Apa ini karmah yang aku terima dari kelalaian menampis nasihat bapak?

Di saat mulut berbau asbak itu, berkata kepadaku bahwa keputusan bulat itu, bukanlah keputusan bijaksana. Aku minta maaf. Aku tak pernah berserapah bahwa peradilan di negeri ini adalah biadab. Tapi bagiku, yang bukan merupakan anggota barbar tersesat, keputusan itu dirasa, tak bisa dinalar logika walau hanya sebatas candaan lalat.

Cadar.

Apa yang salah dari kain lemas yang penuh denga penjagaan itu?

Teroris. Komunis.
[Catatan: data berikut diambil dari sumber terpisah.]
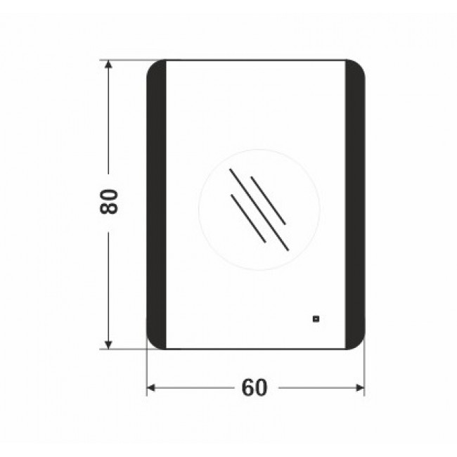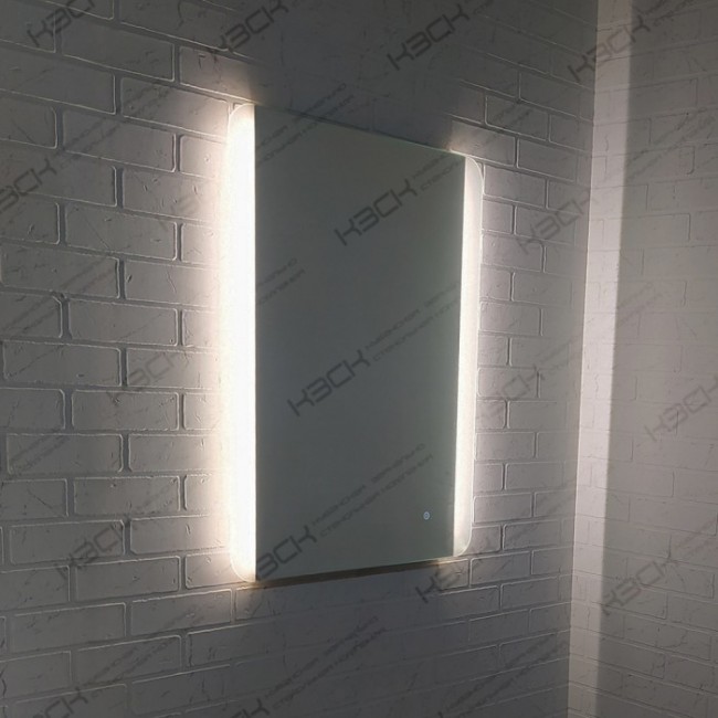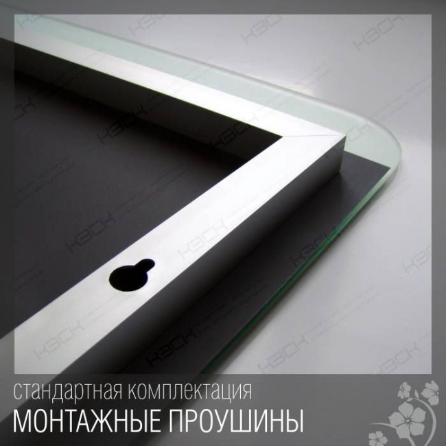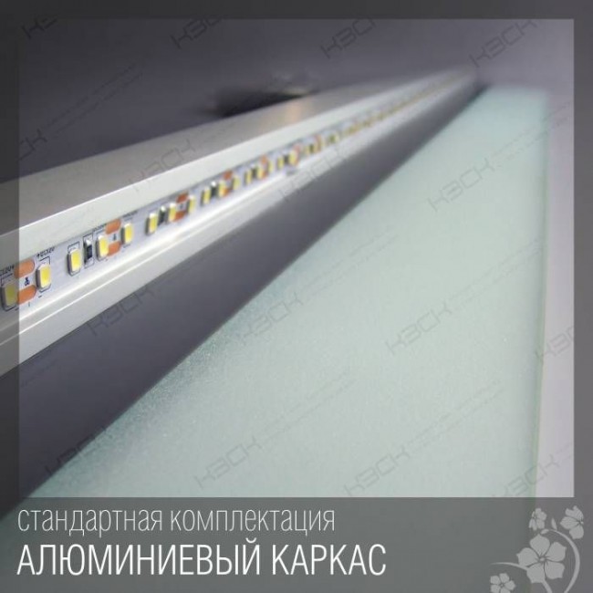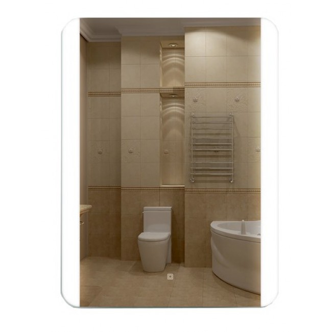 Зеркало 316 с LED подсветкой 9,6 Вт полосы переходящей на фон (светодиодная лента) 80 х 60 см - изготовлено из влагостойкого полотна, с еврокромкой по периметру, с внутренним алюминиевым профилем толщиной 20 мм, с сенсорным выключателем и сетевым проводом с вилкой

Aliran sesat!?

           

Serampah, cercaan, dan hujatan itu tak ubahnya sudah menjelma menjadi musik pahit yang kerap menusuk, menembus gendang telingaku, tidak hanya di permukaannya. Perih. Akupun  meringis.

Aku hanyalah gadis 18 tahun yang masih terombang- ambing di atas riak air yang terasa sesak. Salahkah aku , jika ingin mencari perlindungan besar kepada-Nya berperantara benda  licin gelap itu? Aku hanya ingin menyembunyikan raga dari sentuhan  makhluk- makhuk tak beretika yang kerap menghantuiku.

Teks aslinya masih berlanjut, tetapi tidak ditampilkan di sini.